* [Problem to work on]
Every line of the entries below from the one containing "Papírové talíře Retro" to the one containing "Dark green rib-knit midi dress - size S", both ends included, must be written out exactly. No other line belongs in the answer.

* [The data]
+++
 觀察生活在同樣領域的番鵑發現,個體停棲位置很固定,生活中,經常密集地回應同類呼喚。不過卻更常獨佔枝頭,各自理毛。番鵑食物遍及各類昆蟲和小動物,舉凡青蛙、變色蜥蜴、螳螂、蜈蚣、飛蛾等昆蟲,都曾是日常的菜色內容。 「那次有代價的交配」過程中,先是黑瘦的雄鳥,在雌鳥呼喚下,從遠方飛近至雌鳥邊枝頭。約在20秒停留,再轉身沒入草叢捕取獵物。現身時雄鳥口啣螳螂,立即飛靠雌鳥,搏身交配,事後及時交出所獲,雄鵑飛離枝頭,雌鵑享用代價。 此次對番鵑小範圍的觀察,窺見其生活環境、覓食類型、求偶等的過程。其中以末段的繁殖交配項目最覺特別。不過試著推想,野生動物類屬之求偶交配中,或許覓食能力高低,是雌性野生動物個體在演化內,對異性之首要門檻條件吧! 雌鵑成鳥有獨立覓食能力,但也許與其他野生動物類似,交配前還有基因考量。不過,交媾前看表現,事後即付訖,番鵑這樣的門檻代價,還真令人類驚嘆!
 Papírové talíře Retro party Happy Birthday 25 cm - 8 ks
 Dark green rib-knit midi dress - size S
+++
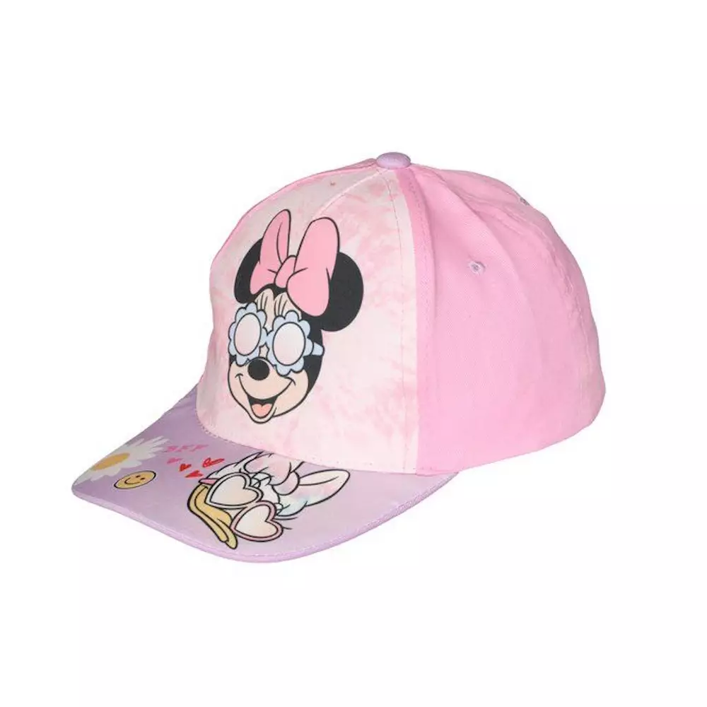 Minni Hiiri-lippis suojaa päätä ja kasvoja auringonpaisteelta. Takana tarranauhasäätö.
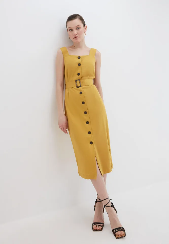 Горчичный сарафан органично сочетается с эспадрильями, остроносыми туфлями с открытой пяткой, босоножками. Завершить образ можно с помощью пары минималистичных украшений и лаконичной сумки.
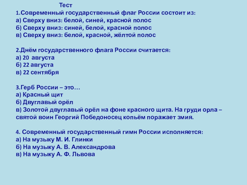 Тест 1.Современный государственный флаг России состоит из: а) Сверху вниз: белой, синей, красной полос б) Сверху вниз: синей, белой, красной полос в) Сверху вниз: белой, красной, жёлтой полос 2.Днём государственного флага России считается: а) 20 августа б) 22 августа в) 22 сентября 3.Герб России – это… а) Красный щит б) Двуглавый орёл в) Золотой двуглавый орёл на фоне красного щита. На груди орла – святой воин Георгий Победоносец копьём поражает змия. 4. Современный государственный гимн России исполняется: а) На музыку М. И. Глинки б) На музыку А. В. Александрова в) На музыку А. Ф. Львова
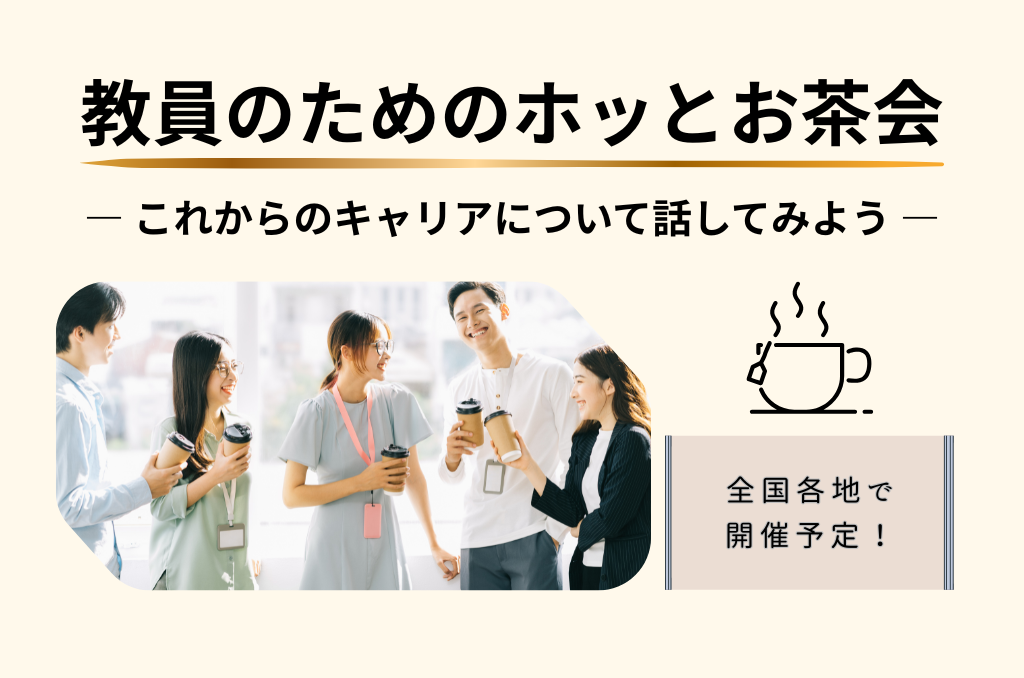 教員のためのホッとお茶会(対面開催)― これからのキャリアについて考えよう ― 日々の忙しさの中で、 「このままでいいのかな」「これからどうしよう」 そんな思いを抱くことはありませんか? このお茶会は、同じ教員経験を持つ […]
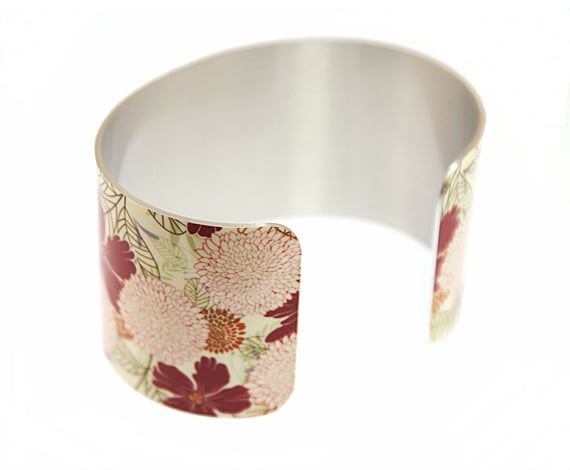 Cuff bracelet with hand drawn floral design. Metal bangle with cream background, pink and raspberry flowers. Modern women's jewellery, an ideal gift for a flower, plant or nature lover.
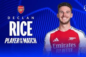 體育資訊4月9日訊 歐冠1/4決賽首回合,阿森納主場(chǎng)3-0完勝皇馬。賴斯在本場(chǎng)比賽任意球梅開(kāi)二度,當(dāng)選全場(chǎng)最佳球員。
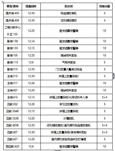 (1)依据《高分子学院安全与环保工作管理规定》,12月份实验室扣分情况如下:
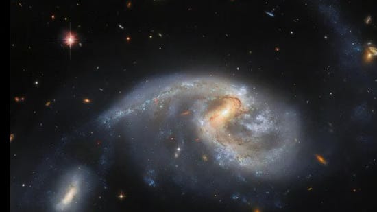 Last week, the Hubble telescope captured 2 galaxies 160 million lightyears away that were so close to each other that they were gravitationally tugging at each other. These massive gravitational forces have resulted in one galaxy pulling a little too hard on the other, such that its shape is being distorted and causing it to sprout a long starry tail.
+++
* [Task solution]
 Papírové talíře Retro party Happy Birthday 25 cm - 8 ks
 Dark green rib-knit midi dress - size S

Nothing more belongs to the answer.